Records from a dataset
★ ★ ★ ★ ★ ★ ★
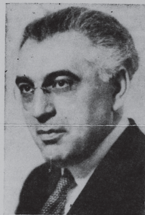
RABBI DR. ABBA HILLEL SILVER

A unique and now traditional phase of the State of Israel Bond programme in Montreal will once again be observed on Sunday, May 26th when more than 1000 volunteer canvassers will call on many thousands of Jewish homes in all sections of Montreal in a mobilization of economic support for the young democracy. The intensified one-day effort concentrating on the sale of Israel Bonds by personal contact, will make available additional economic resources intended to strengthen Israel during the present Middle Eastern crisis.
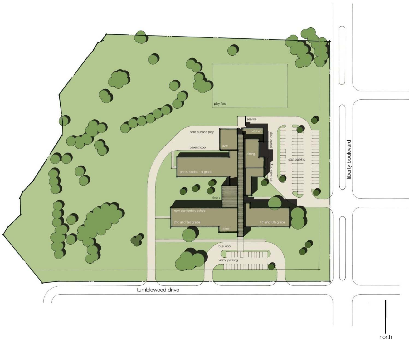
overall site plan
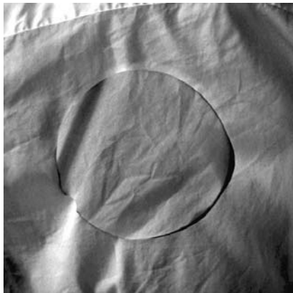
6. shift the direction 45° of the cut-out pieces (looks nice with patterned or textures shirts).
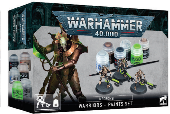
Necrons: Warriors + Paint Set

Each box includes easy-to-assemble miniatures and the paints an aspiring hobbyist needs to complete their first models and see how they like it.
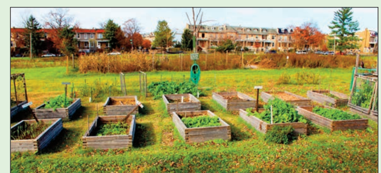
Residents sign up for garden plots each season.
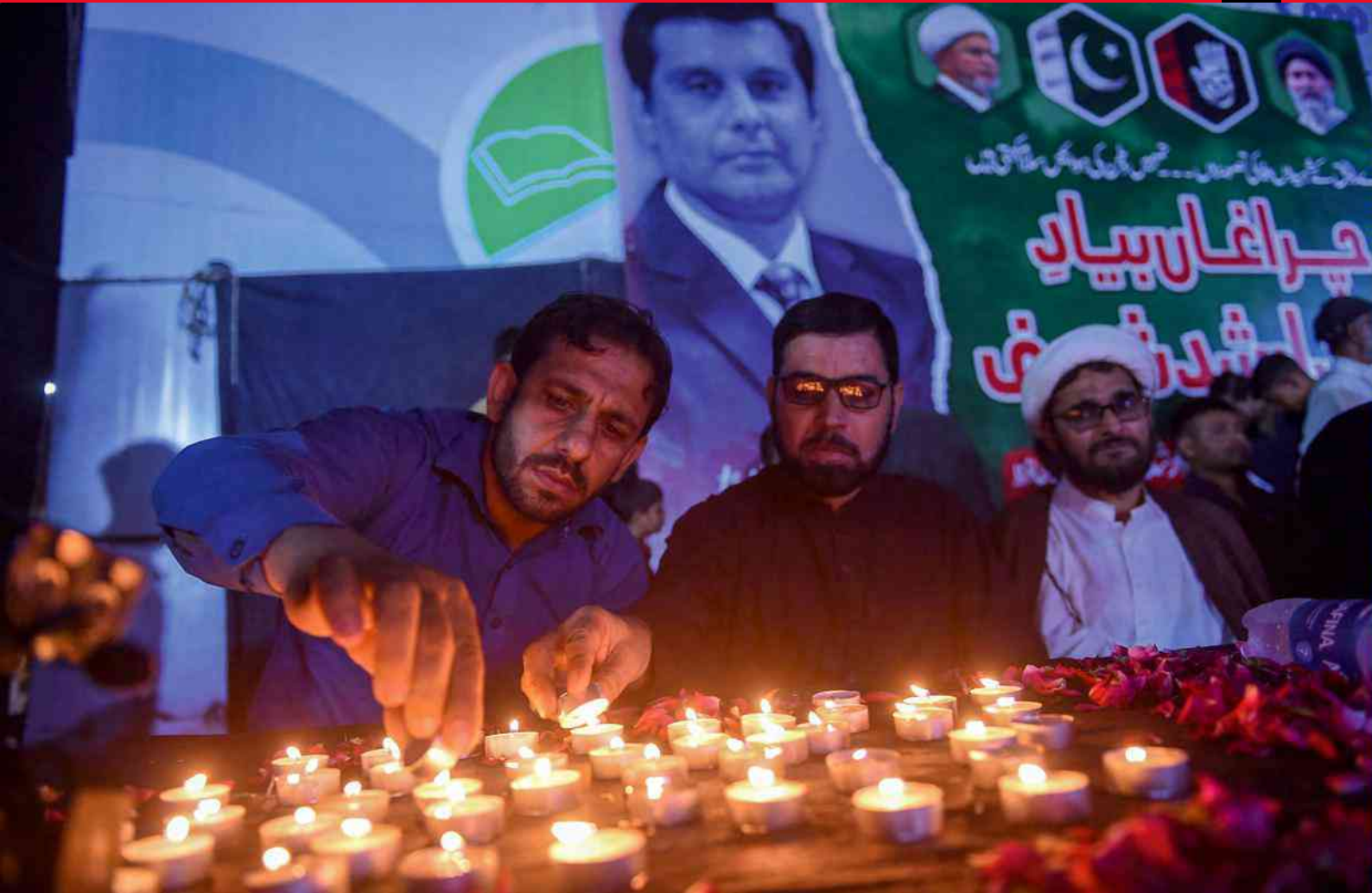
Members of the Shiite Uleme Council light candles in a memorial for slain journalist Arshad Sharif on October 29, 2022. Discourse and investigations into Arshad Sharif's October killing have been marred by misinformation, diplomatic failings, and impunity.

FMM said they faced safety and security issues during their work. Significantly, 71 per cent of them said that they were not satisfied with the way their media institution had intervened in such issues.
★ ★ ★ ★ ★ ★ ★
What the task asks >>
Scan the entries above for the string "their" and copy each line containing it.

Exercise response >>
Each box includes easy-to-assemble miniatures and the paints an aspiring hobbyist needs to complete their first models and see how they like it.
FMM said they faced safety and security issues during their work. Significantly, 71 per cent of them said that they were not satisfied with the way their media institution had intervened in such issues.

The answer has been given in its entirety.